1

Chronique du veilleur (46) : Paul de Roux

Il faut lire et relire Paul de Roux. « Je n'écris pas pour m'apporter des réponses mais pour être un peu moins mort par les questions que je me pose. », écrit-il en 1991 dans un de ses carnets.

Oui, ce sont des questions sans cesse reprises que les 5 volumes de carnets, les livres de poèmes, nous font entendre sur le ton inimitable d'une âme inquiète, sensible aux moindres variations de temps, aux froissements des feuillages, aux effleurements de la lumière. « Que cherchez-vous, ô mes inquiets  / battements de cœur ? » La réponse n'est qu'une nouvelle question, discrète, « entre deux mots » :

Tous les pas dans la rue
 pour les battements de cœur que l'on n'entend pas
-peut-être les aveugles entendent-ils avec les pas
de surprenantes expressions de ces passants inconnus
que nous non plus nous ne voyons pas
-assis à nos tables, buvant du thé, du vin
et de temps à autre, sur l'asphalte, un pas
fait reposer la tasse, le verre plus doucement peut-être
avec un silence entre deux mots.

 

 

Nul doute : Paul de Roux est le poète de l'impondérable, d'une solitude fragile, sensible à la voix presque inaudible de la terre, des heures de crépuscule, avec cette « lumière mouillée » qui semble les sertir miraculeusement, les rapprocher des peintures tant aimées du poète. Paul de Roux est un contemplatif toujours en alerte, « un homme perclus d'hésitations ». Mais ces hésitations se traduisent, et peut-être se conjurent, en des poèmes d'un long murmure, souvent d'une phrase unique.

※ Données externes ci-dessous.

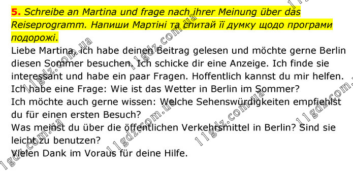 Schreibe an Martina und frage nach ihrer Meinung über das Reiseprogramm. Напиши Мартіні та спитай її думку щодо програми подорожі. Liebe Martina, ich habe deinen Beitrag gelesen und möchte gerne Berlin diesen Sommer besuchen. Ich schicke dir eine Anzeige. Ich finde sie interessant und habe ein paar Fragen. Hoffentlich kannst du mir helfen. Ich habe eine Frage: Wie ist das Wetter in Berlin im Sommer? Ich möchte auch gerne wissen: Welche Sehenswürdigkeiten empfiehlst du für einen ersten Besuch? Was meinst du über die öffentlichen Verkehrsmittel in Berlin? Sind sie leicht zu benutzen? Vielen Dank im Voraus für deine Hilfe.

Paul de Roux, Les Pas, Le Silence qui roule, 16 euros.

 

 Et leur chant s'insinue en nous, avec le sentiment que le tragique de cette vie bouge doucement sous la surface, parfois grise et dure, des saisons et des heures.

Ce nuage qui passait, il n'attendait pas
que tu sortes du bureau pour que tu lui accordes
un regard attentif, et les mains de cet homme
qui frémissaient sur la table bientôt seraient rigides
-tu ne pourrais les saisir qu'en vain, ces mains
qui n'avaient pas peut-être besoin d'être serrées
mais de s'ouvrir pour te remettre un gage
-le nuage n'avait pas besoin de toi, mais toi
tu aurais eu besoin de retrouver la ville
avec des yeux rafraîchis par un nuage.

Une toile impressionniste, peut-être, continuellement tissée, sans couture, allant des notes de journal intime aux poèmes composés avec un sens de la pure harmonie... Il faut tout lire, autant dire aller à la rencontre d'un poète qui se retrancha peu à peu, par la maladie, de notre monde, avant de le quitter tout à fait en 2016. Il faut saluer la réédition de ce livre par Le Silence qui roule. Et partir à la découverte de tous les autres livres ! Le poème se pose sur la page comme un pétale de rose, délicat, translucide, prêt à s'échapper, « au milieu de la journée », et c'est merveille.

 

Soudain, au milieu de la journée
la lumière baisse, et jusqu'au point où indistincts
et fantasmagoriques les objets se confondent
et cette lumière si basse est jaune, comme soufrée
bien que venue d'un ciel où les nuages, du gris au bleuté
ne laissent à leur lisière qu'une roseur infime
-elle semble plus livide ainsi que le serait toute blancheur
et tout ce ciel sur la ville forme une grande rose :
la rose de l'orage qui ne veut pas distendre ses pétales
puis insensiblement l'ardoise des toits se raie :
il pleut et aucune goutte n'est perceptible encore.